Start of MATERIAL FOR THE TASK

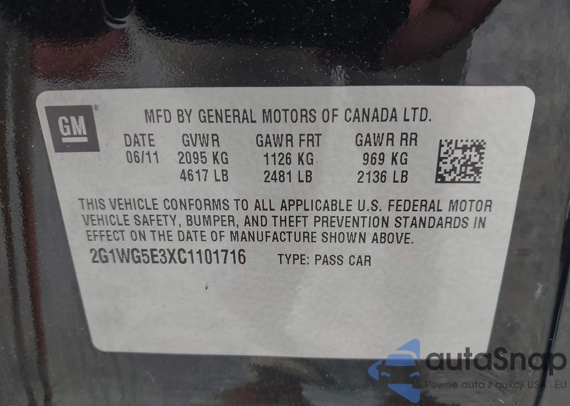 • VIN 2G1WG5E3XC1101716
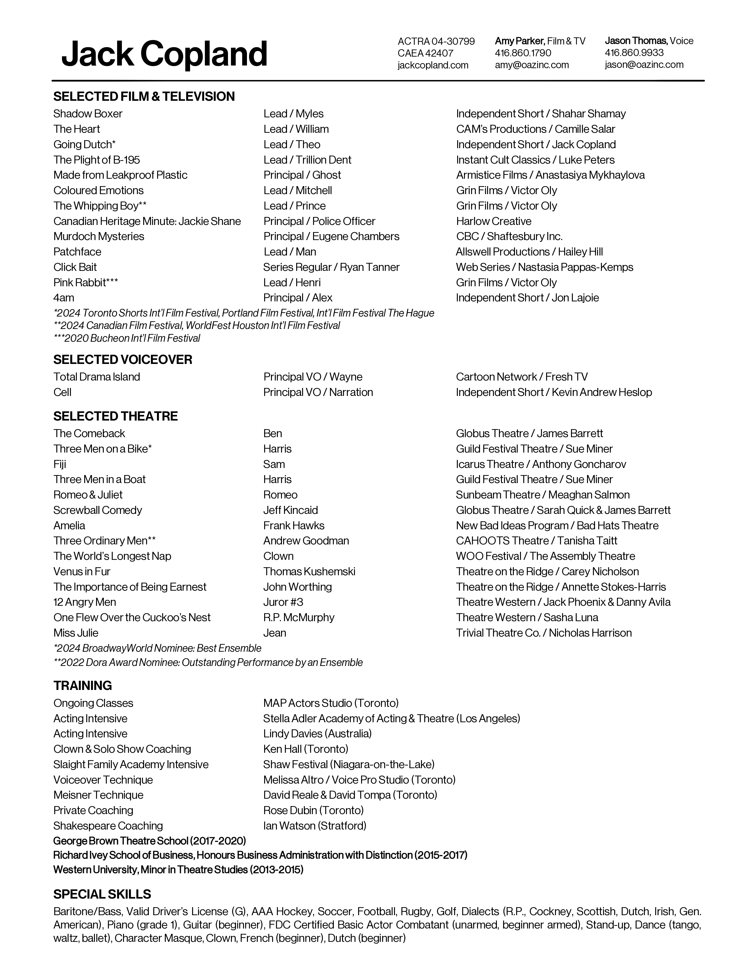 Jack grew up impersonating teachers, prank-calling friends, and watching movies on repeat. He was named Athlete of the Year in high school, studied Theatre at Western, graduated from the Ivey School of Business, and later trained at George Brown Theatre School.
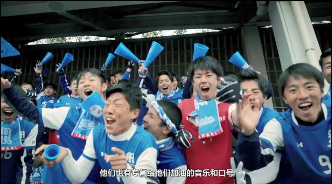 看台上学生们唱着自己学校队伍的应援歌曲,自发的组成演奏团,写口号、练舞蹈。
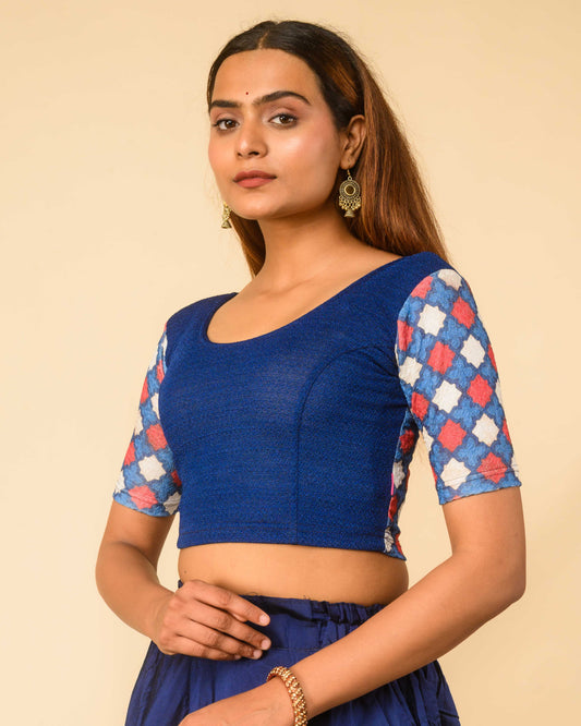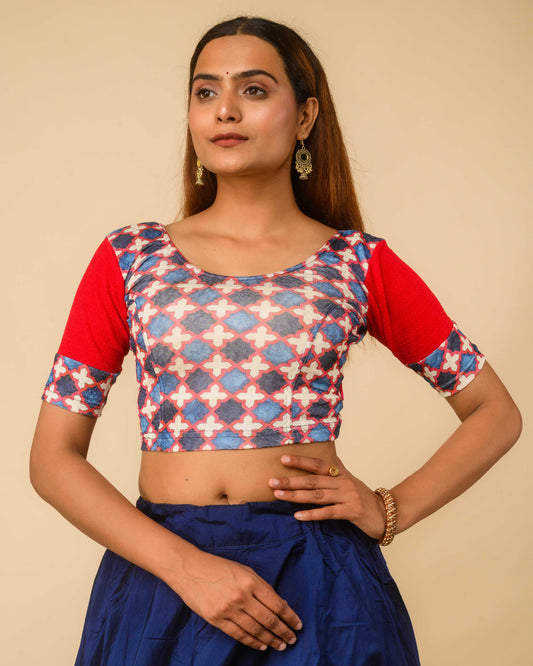 Mohar Red Ajrakh Print & Solid Sleeve Readymade Saree Blouse – Advi
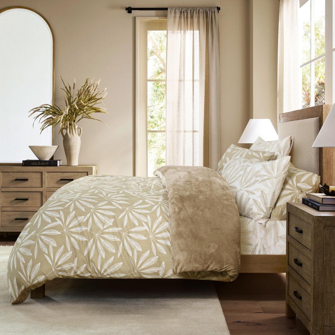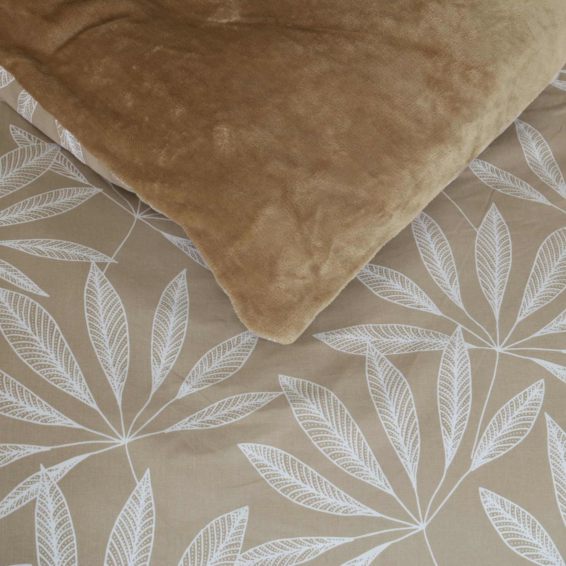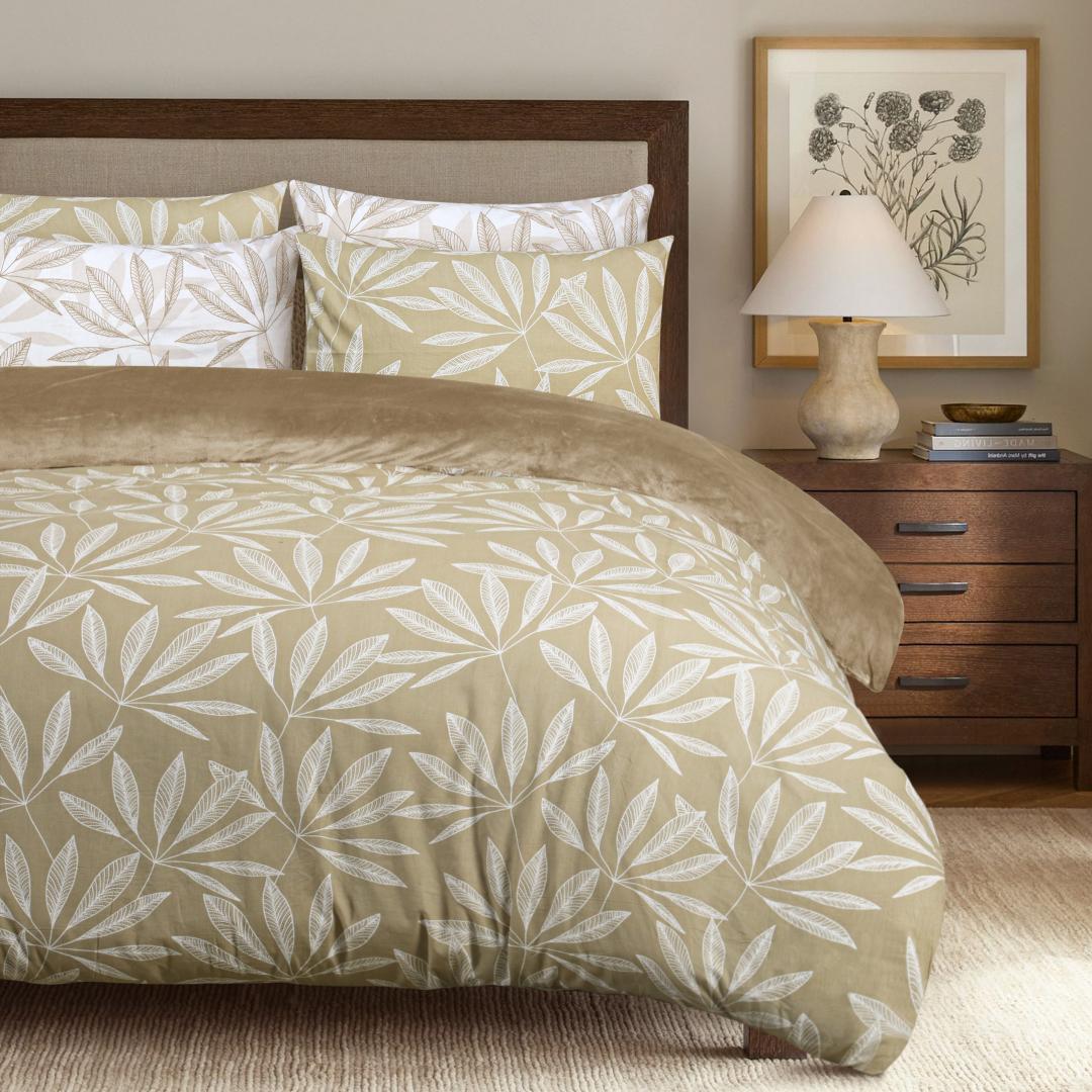 A soft beige background is overlaid with fine, white line-drawn leaf patterns. The light color scheme creates a soothing effect Ideal for minimalist and modern interiors; this pattern promotes a serene atmosphere, perfect for creating a peaceful Vibe in the bedroom. The design features overlapping, thinly outlined leaves that are randomly arranged across the fabric. The leaves are delicately sketched, giving a hand-drawn appearance that adds to the design's organic and natural feel. The subtle variations in leaf sizes and the interplay of light and shadow create a sense of depth without overwhelming the eye.
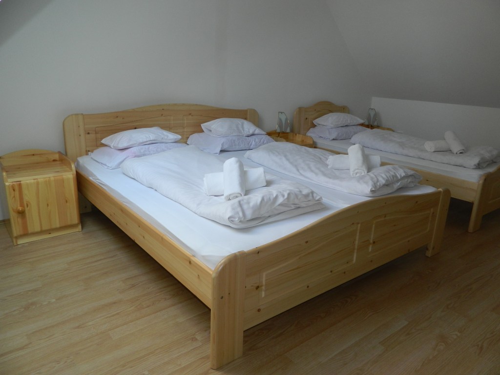 Hálórész: tetőtéri 1 db francia ágy + 2 db heverő (180 x 200 cm , illetve 90 x 200 cm)
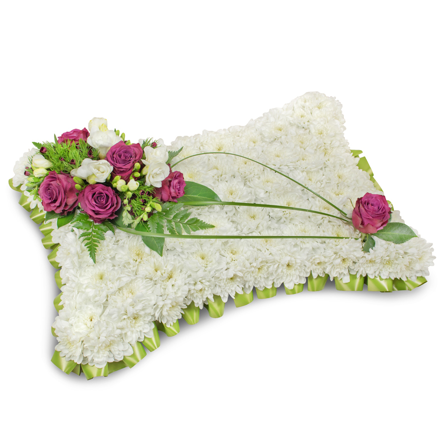 Honor your loved ones with our graceful pillow-shaped bouquet, designed to convey heartfelt love and peace. This beautiful arrangement includes white chrysanthemums, purple roses, white freesias, dianthus, and bear grass, each hand-picked for impeccable freshness and quality.
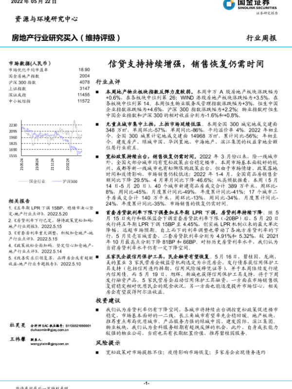 【国金证券】【20220522】房地产行业研究:信贷支持持续增强,销售恢复仍需时间-18页 行业研究
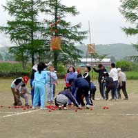 ついに登場,小さな学校ならではの地域住民参加の競技。人数が集まらないようで,「オンナタンナイ,あと3人!」,我は観戦と決め込んでいたおばさんも「オイ,レーコ,ナステンダー,早く早く」とせかされて腰を上げる。その後さらに「あと男性5人お願いします」と私も危うく駆り出されそうになったので,そっと木陰に引っ込む。
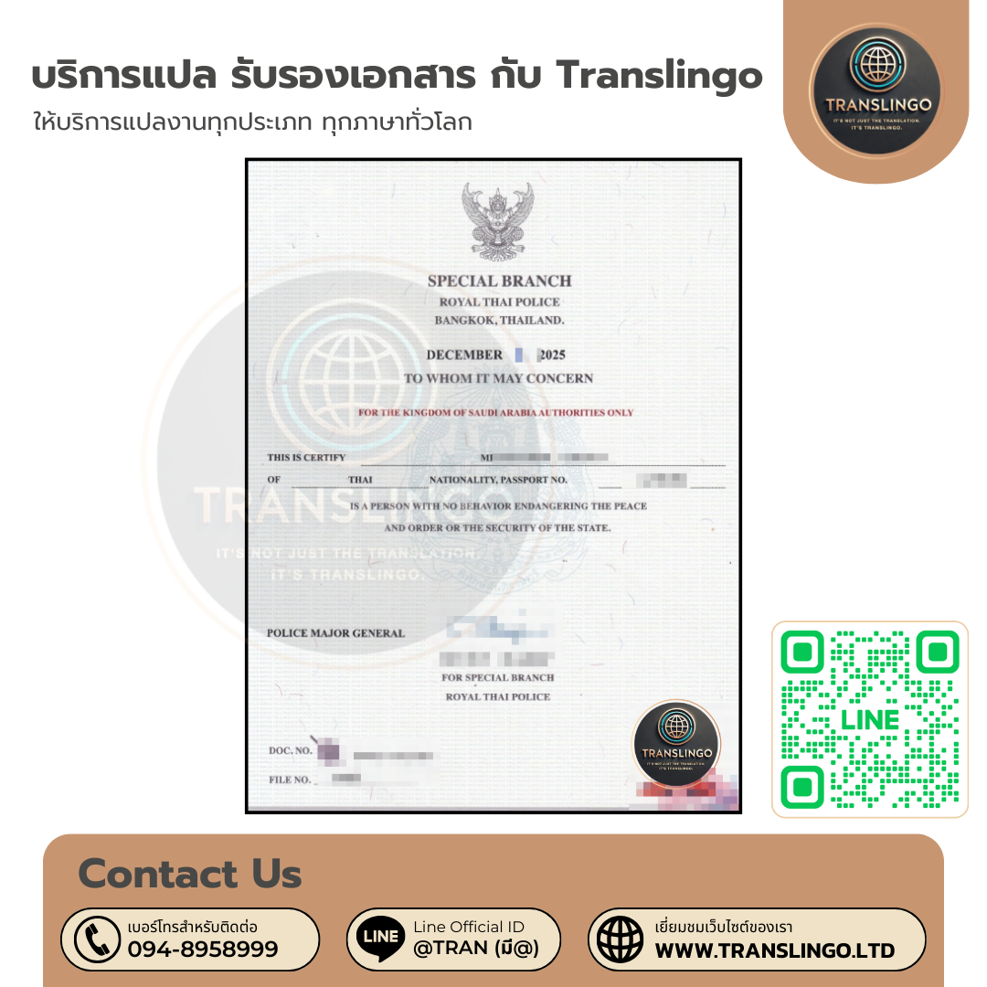 สอบถามเพิ่มเติมเกี่ยวกับบริการแปล รับรองเอกสาร
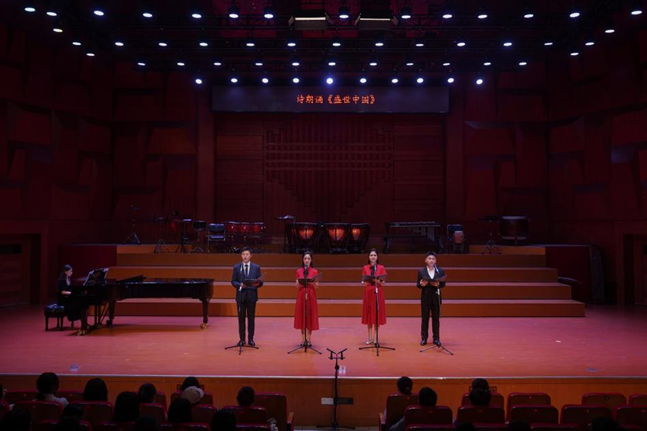 5月31日,“礼赞中华 乐融两岸”第三届鄂台高校青年交流专场音乐会在武汉音乐学院举行。太阳成集团tyc151cc台湾籍学生谢兆钧登上专场音乐会的舞台,以诗朗诵的形式加强两岸文化交流,助推两岸青年融合发展。学院师生代表到场观看交流。
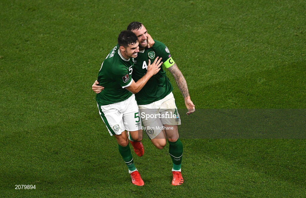 7 September 2021; John Egan and Shane Duffy of Republic of Ireland celebrate after their side's first goal, an own goal scored by Nikola Milenkovic of Serbia, during the FIFA World Cup 2022 qualifying group A match between Republic of Ireland and Serbia at the Aviva Stadium in Dublin. Photo by Ben McShane/Sportsfile
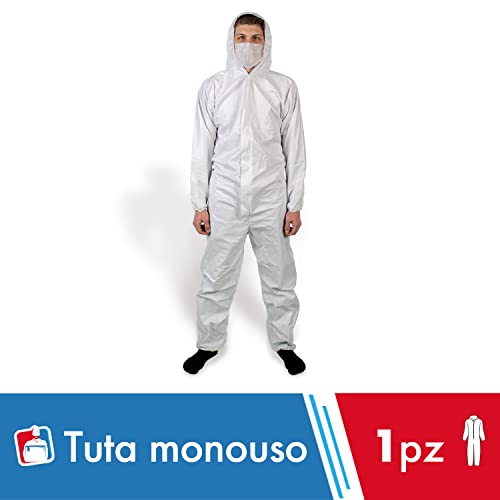 IMBALLAGGI 2000, Tuta da Lavoro Protettiva Monouso in TNT, Taglia M, 1 Tuta di Protezione, Tuta di Sicurezza Traspirante e Idrorepellente con Cappuccio, Chiusura Lampo e Elastico a Polsi e Caviglie
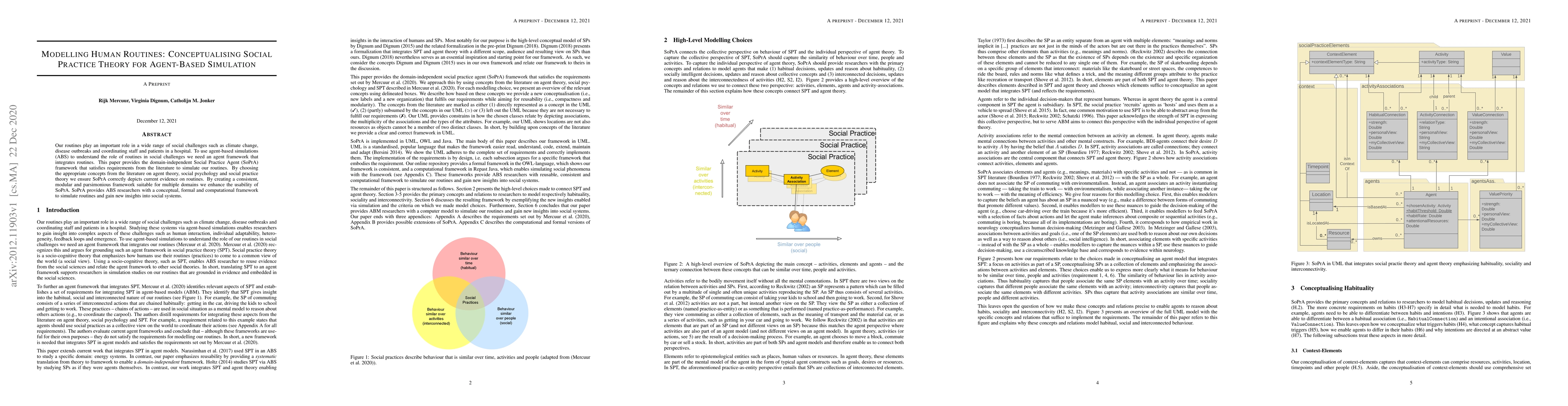 This paper introduces the Social Practice Agent (SoPrA) framework to simulate human routines within agent-based simulations, integrating concepts from social psychology and practice theory. SoPrA aims to enhance understanding of social challenges like climate change and hospital coordination by providing a consistent, modular, and parsimonious model for simulating routines.

End of MATERIAL FOR THE TASK

- WORK INSTRUCTION
Could you set down exactly, and only, the lines from the line containing "IMBALLAGGI 2000, Tuta" through the last line of the records, both included, without the pictures?

- RESPONSE
 IMBALLAGGI 2000, Tuta da Lavoro Protettiva Monouso in TNT, Taglia M, 1 Tuta di Protezione, Tuta di Sicurezza Traspirante e Idrorepellente con Cappuccio, Chiusura Lampo e Elastico a Polsi e Caviglie
 This paper introduces the Social Practice Agent (SoPrA) framework to simulate human routines within agent-based simulations, integrating concepts from social psychology and practice theory. SoPrA aims to enhance understanding of social challenges like climate change and hospital coordination by providing a consistent, modular, and parsimonious model for simulating routines.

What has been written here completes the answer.